The exercise of painting has become an act of meditation for me, a way to connect with the mysterious unknown using the imagery of the concrete. Part of my evolution or process  has been to take time out of the act of creating to ponder almost unanswerable questions. For example: What is art? What is the meaning or purpose of life? Why do I do what I do? Why do I paint?  There is nothing new in these age old questions just as the act of creating images whether abstract or representational is not new. I do know that my passion and purpose is to relate things in a language other than words. The language of color, pattern and shape.

I alternate between abstract and representational, actually I find everything I do can be classified as representational - just my approach and subject differ. I ask myself what I would like to represent for a particular body of work, what technique, what materials.... The subject is usually a challenge that engages me to figure out, or something I have been thinking about. Most recently I've been thinking about time and the fast pace I find myself on daily....

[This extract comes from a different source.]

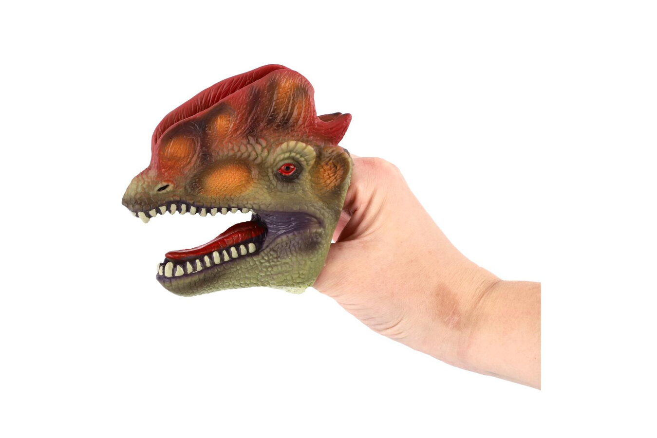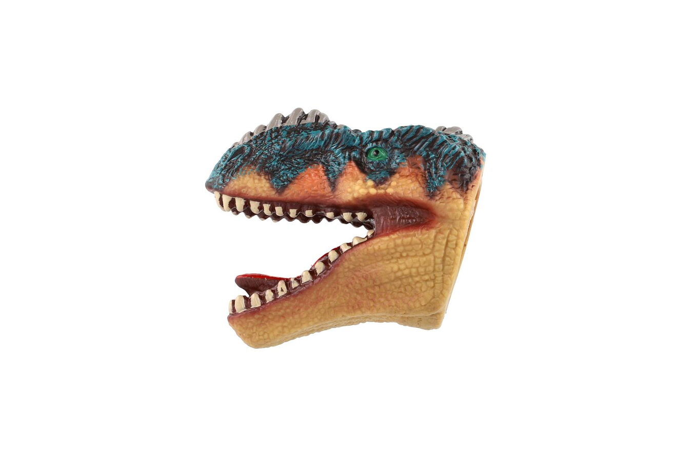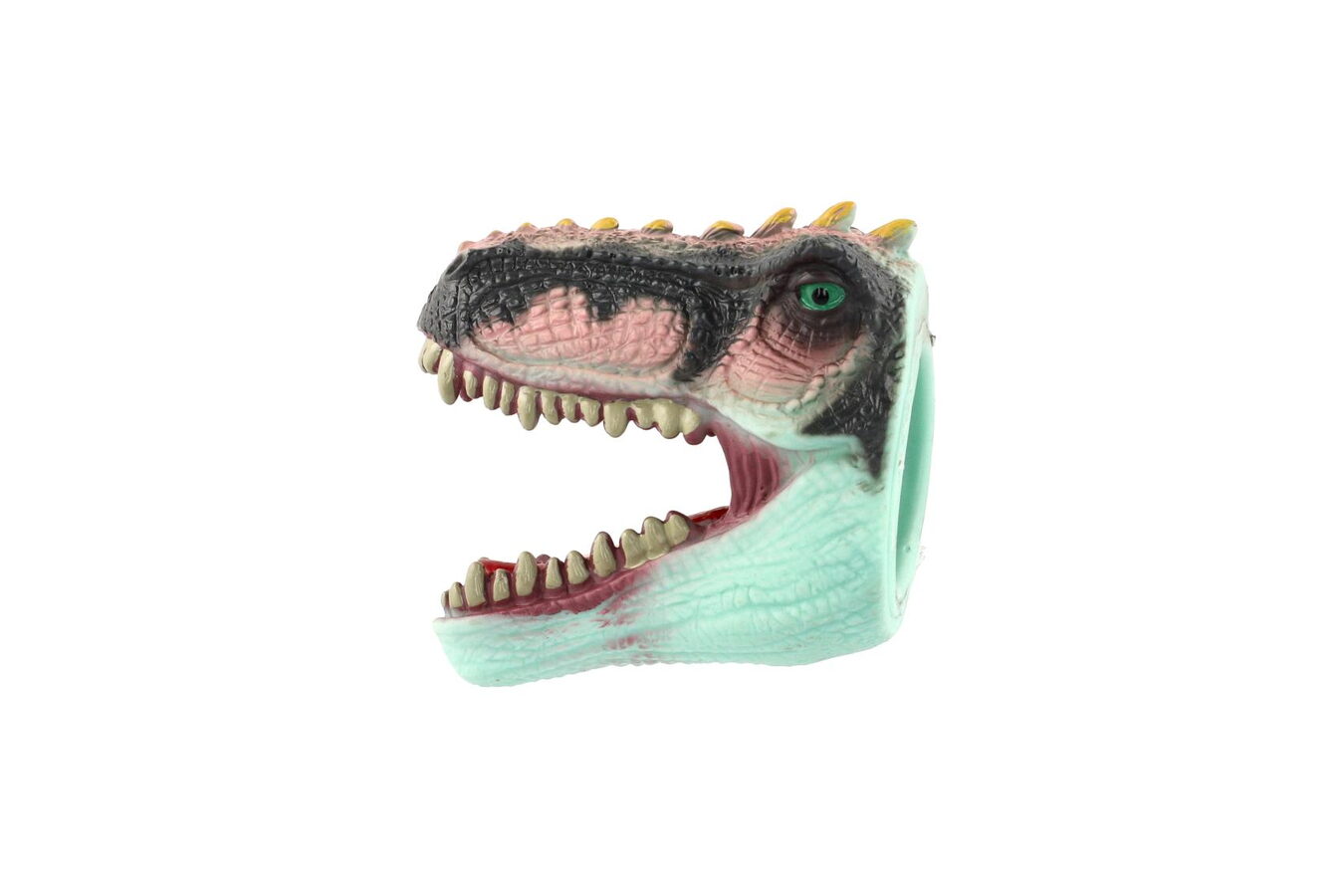 Ovládni vlastního dinosaura! Tento gumový maňásek v podobě dinosauří hlavy se nasazuje na prst a je ideální pro zábavné divadélko, strašení i kreativní hru. Díky měkkému materiálu je příjemný na používání a hodí se i pro menší děti.

Amid the constant bombardment of media, meetings, appointments, scheduled things, places we have to be now – not necessarily what/where our inner selves want/would like to be doing/going right now; there are spaces of still time… moments if you will. To notice these pockets of stillness, all it requires is to change focus. Apply all senses. What color, how does it smell/feel? How can I paint this single moment? These are the questions I had been asking myself as I was walking through the woods wondering how abstract art represents real things. I saw the sun on a green leaf shinning through the leaves overhead. I thought “If I wanted to paint that, how would I do it?” This fleeting moment of experience?

That question provided the inspiration. Dry pigments, India ink and acrylic paint are the primary ingredients I have been using for my current body of abstract work. Special focus on the interference pigments which change color and reflection as you walk around a piece. Then I switch and go back to oils and paint a scene about place and cultural materiality.